The consultations would include bettering operations and improving efficiency for the passenger vehicle market
Maruti Suzuki India has hired consultants KPMG and PricewaterhouseCoopers (PwC) for advice on mitigating impact of the downturn in the auto sector, reports Mint.
The consultations would include bettering operations and improving efficiency for the passenger vehicle market, the article quoted sources as saying. The move indicates the management’s resolve to tide over the storm and reveals that it does not view the slowdown as short term.
Both consultancies had in a Maruti Suzuki Suppliers Welfare Association meeting on September 11 shared measures with vendors for managing the crisis and also outlined reasons for the slowdown, the report said.
Moneycontrol could not independently verify the report.
PwC was chosen because it has experience advising European auto part makers during the economic downturn in 2008-10. “Suppliers have been the biggest casualty of the slowdown as most of them had to retrench a lot of their employees to reduce operational cost.
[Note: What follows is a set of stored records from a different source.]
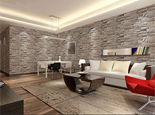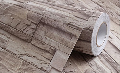 HaokHome 13991 石のレンガの壁のステッカー45cmx6m壁紙ライトグレー防水 かんたんタイル 貼付シールタイプ 家の装飾
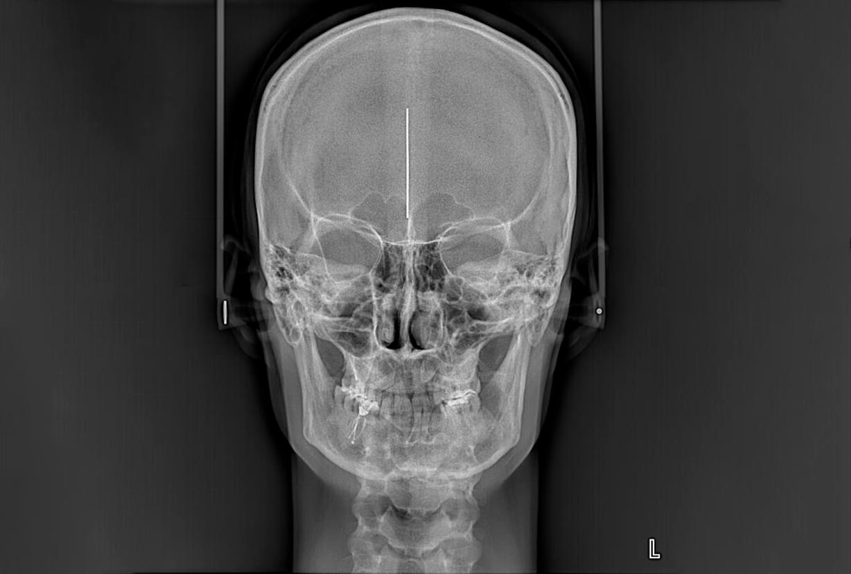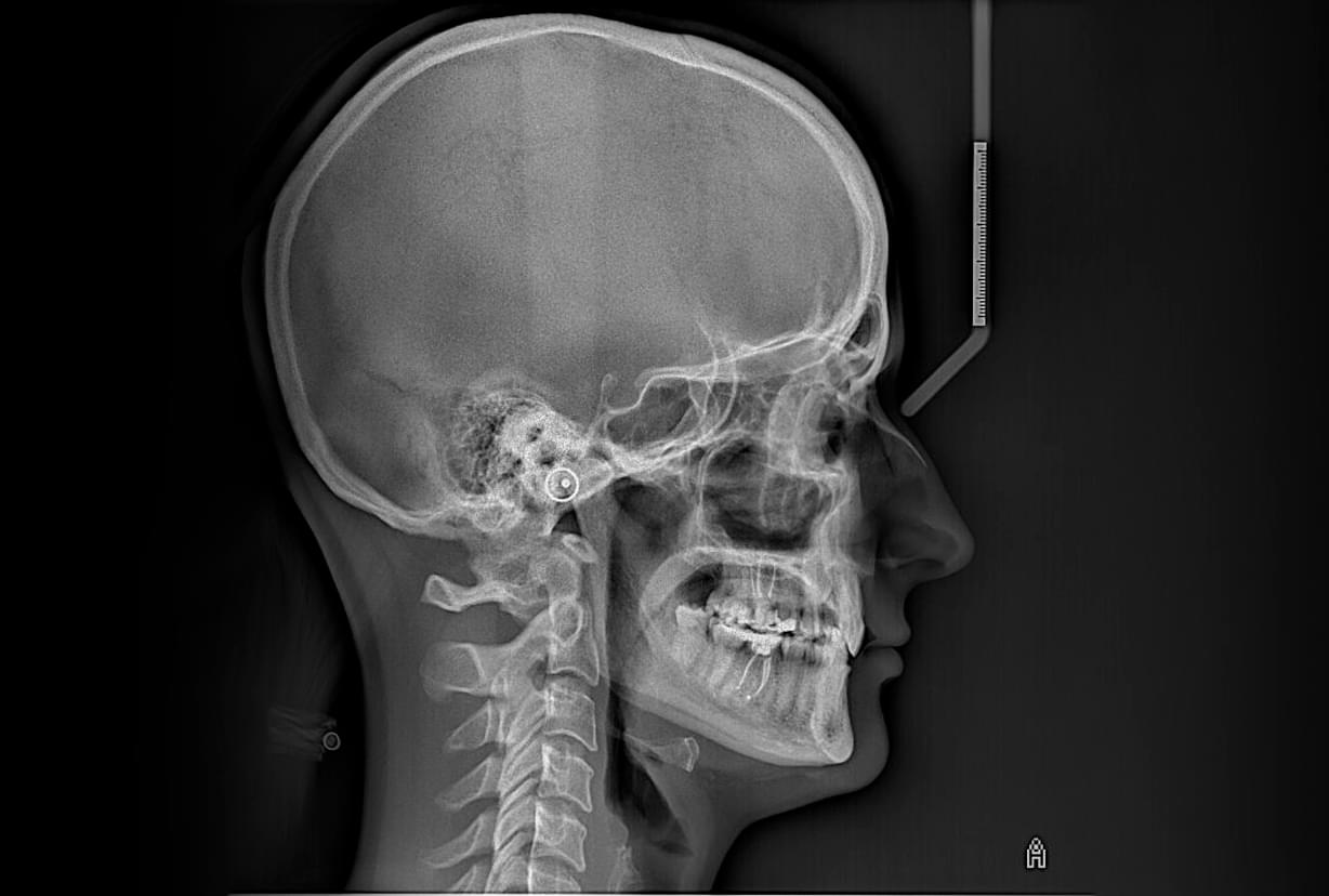 Телерентгенограма — це детальний рентгенівський знімок черепа, зроблений з певної відстані, що дозволяє отримати зображення, максимально наближене до реальних розмірів (без спотворень).
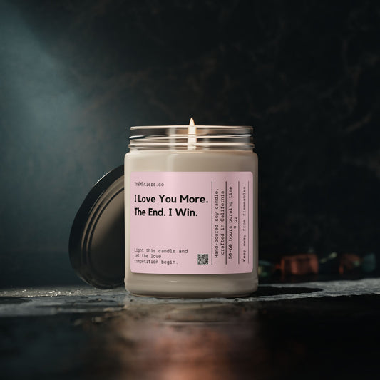I Love You More The End I Win Competition Soy Wax Candle, Sweet Romantic Couples, Decoration Gift Idea, Eco Friendly 9oz. Candle
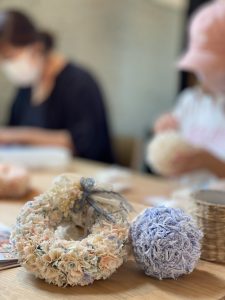 みなさん、もくもくと布リースを作っていきます。この集中した時間がストレス発散になるんですよね。わかります!ワタシもやりたいwww
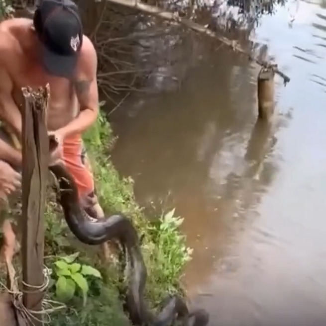 Sucuri gigante de mais de 3 metros é filmada e solta por moradores em região ribeirinha/Foto: Reprodução
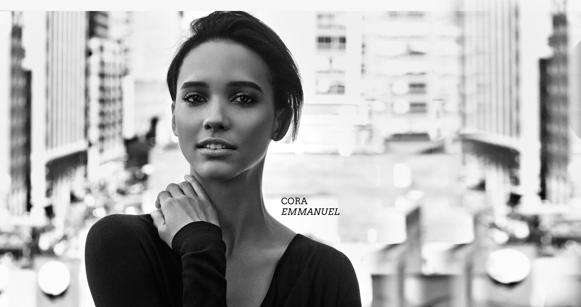 Née en Martinique comme Sigrid Agren, Cora Emmanuel est repérée à l’âge de seize ans lors d’un casting Elite Model Look organisé sur l’île en 2008.
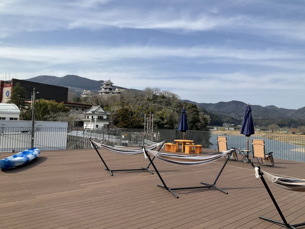 右を見れば川上側に冨士山と肱川橋、左を見れば川下側に大洲城と予讃線の鉄橋が望める、眺望抜群のビュースポット。
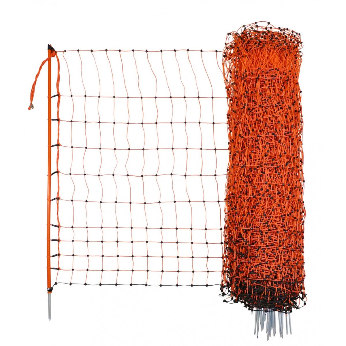 Plasa gard electric special conceputa pentru pasari si animale de talie mica, precum gaini, gaste, curci, oi, caini si porci. Cu o lungime de 50 metri si inaltime de 106 cm, este ideala pentru garduri electrice temporare datorita stalpilor din plastic inclusi, usor de montat si demontat.

This also shows the maturity of Maruti as a company as well,” the article quotes a source as saying.
Reeling under a severe slowdown, it had reduced its production by 33.99 percent in August, making it the seventh straight month that India’s largest carmaker reduced its output.
It produced a total of 111,370 units in August as against 168,725 units in the year-ago month, Maruti said in an exchange filing on September 2.
The company also cut its temporary workforce in August by over 3,000. RC Bhargava, its Chairman, attributed the job cuts to the ongoing slump in the automobile industry. “Permanent workers have not been impacted, but contracts of the temporary workers were not renewed due to the slowdown,” he said.